Not that I cared. Like most young people, I assumed life was inherently long. What was fuzzy to me was my love forecast. Who would I marry? And when?
I was already 22, having recently graduated from Barnard with another year of the Jewish Theological Seminary to go. It was during my junior year abroad in Jerusalem that I had broken it off with my college boyfriend. To be fair, I hadn’t so much wanted to break up for good from such a steadfast boyfriend — only to put in on pause while I was in Israel and he was back in the States. What can I say other than I felt so young and didn’t understand why I needed to anchor myself so permanently to someone else. Let’s just say he didn’t see it that way, and so finding myself suddenly unattached, I quickly became involved with a long-haired Israeli who sold jewelry on the midrachov. And if what I had with my hometown boyfriend was too serious, this relationship was too capricious for me. I could never understand why he didn’t want to commit.

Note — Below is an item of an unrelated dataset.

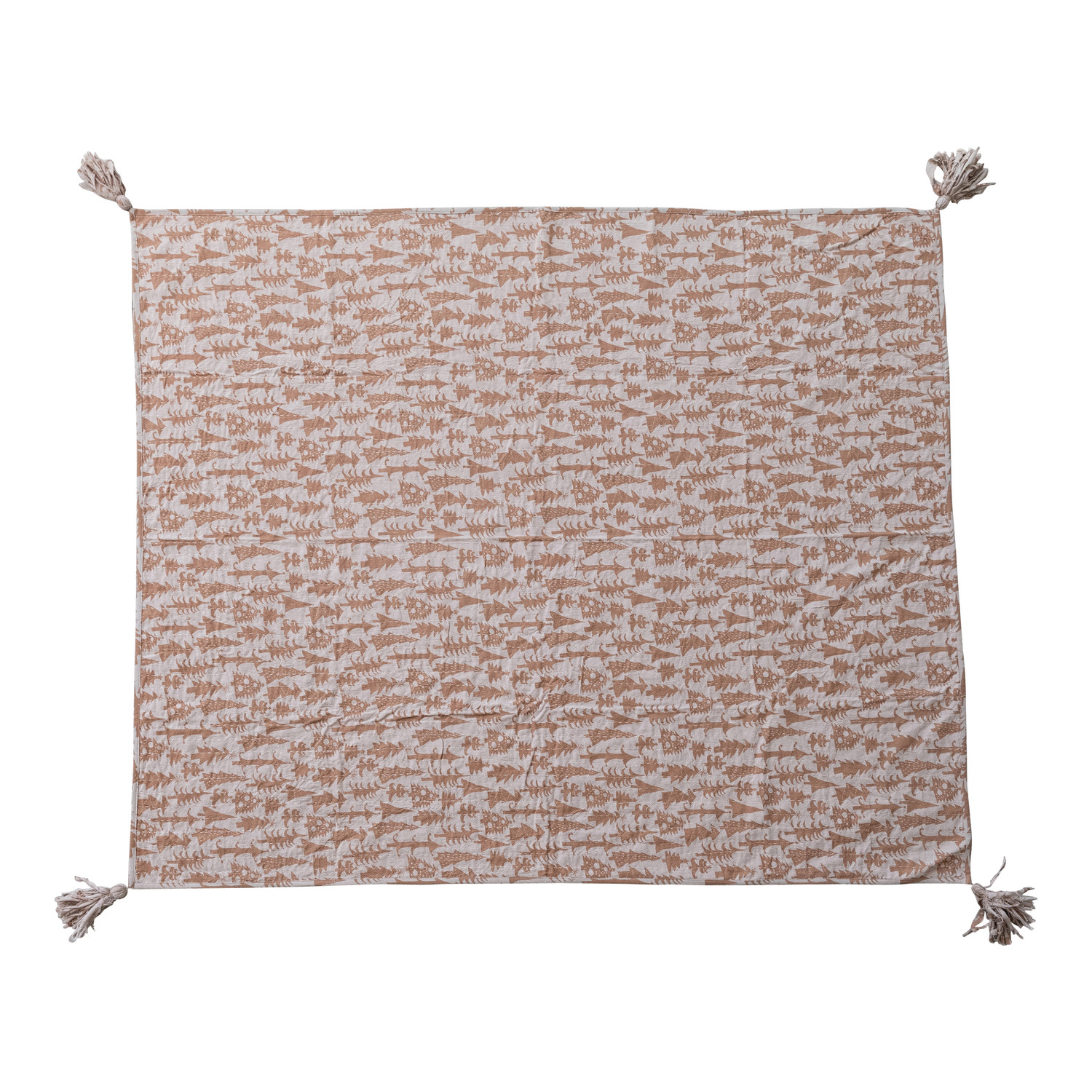 Catalog Name: 60"L x 50"W Stonewashed Voile Printed Throw w/ Trees Pattern, Hand-Embroidered Kantha Stitch & Tassels, Cream & Butterscotch Color ©
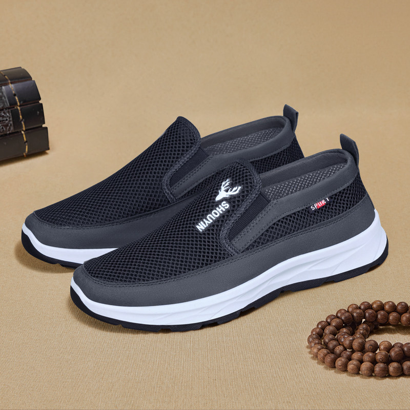 老北京布鞋男新款夏季正品一脚蹬网鞋爷爷软底工作防滑休闲爸爸鞋

I also spent a lot of time with my Hebrew teacher, a law student at the university, who was a few years my senior. We would watch Hal Hartley films at the Cinematheque and hang out at the park reading Hebrew poetry for hours. I thought he was the dreamiest man on planet earth and wondered why he never tried to kiss me. (He later came out.)
By the time I returned to New York, there was no one. Looking closely at my hand, the Times Square fortune teller foresaw marriage at age 28. He also saw two children in my future. To my young ears, waiting over five years to meet my match seemed like an eternity. And only two children?
I gasped. I had always loved children. Even when I was no more than a child myself, I was always toting around someone else’s baby on my hip. I had hoped for at least four children, maybe five.
So I did what any good Jew would do, I argued with him.
“Look again!” I admonished, giving him my hand for a do-over.
He looked again.
“I’m sorry. What do you want from me? That’s what I see. You’ll marry at age 28 and have two children.”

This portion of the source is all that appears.